- [Exercise goal]: Please set out each line below exactly as it stands, without the images.

- [Source material]:
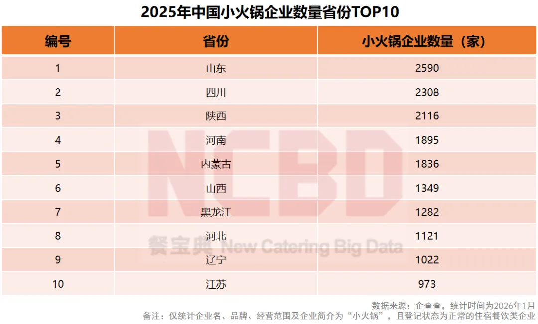 4、NCBD(餐宝典)数据显示,2025年新成立火锅企业数量最多的省是四川,数量占全国总量的13.0%;山东、贵州分别位居二、三位;TOP10省份新成立火锅企业占全国总量的59.2%,接近六成
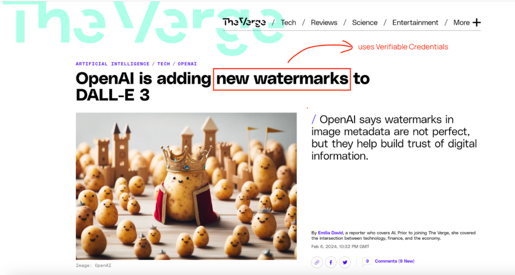 Digital credentials are already being used to combat this, such as Open AI adding verifiable “Content Credentials” to images generated by the DALL-E 3 model. We believe that Gen AI will become one of the largest real-world applications of Verifiable Credential technology, and with cheqd’s industry-leading decentralised ID features, we’re poised to capture a large portion of this emerging market.
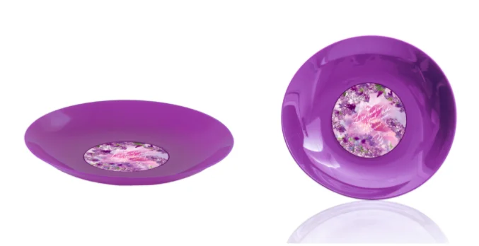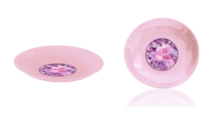 - Верхняя сторона тарелки украшена изображением с яркой цветочной композицией, нанесенной с использование технологии IML. Изображения, нанесенные подобным образом в течение длительного времени остаются яркими, сочными, насыщенными. Посуда гарантированно сохранит свой презентабельный внешний вид на протяжении всего срока службы.

- [Written response]:
 4、NCBD(餐宝典)数据显示,2025年新成立火锅企业数量最多的省是四川,数量占全国总量的13.0%;山东、贵州分别位居二、三位;TOP10省份新成立火锅企业占全国总量的59.2%,接近六成
 Digital credentials are already being used to combat this, such as Open AI adding verifiable “Content Credentials” to images generated by the DALL-E 3 model. We believe that Gen AI will become one of the largest real-world applications of Verifiable Credential technology, and with cheqd’s industry-leading decentralised ID features, we’re poised to capture a large portion of this emerging market.
 - Верхняя сторона тарелки украшена изображением с яркой цветочной композицией, нанесенной с использование технологии IML. Изображения, нанесенные подобным образом в течение длительного времени остаются яркими, сочными, насыщенными. Посуда гарантированно сохранит свой презентабельный внешний вид на протяжении всего срока службы.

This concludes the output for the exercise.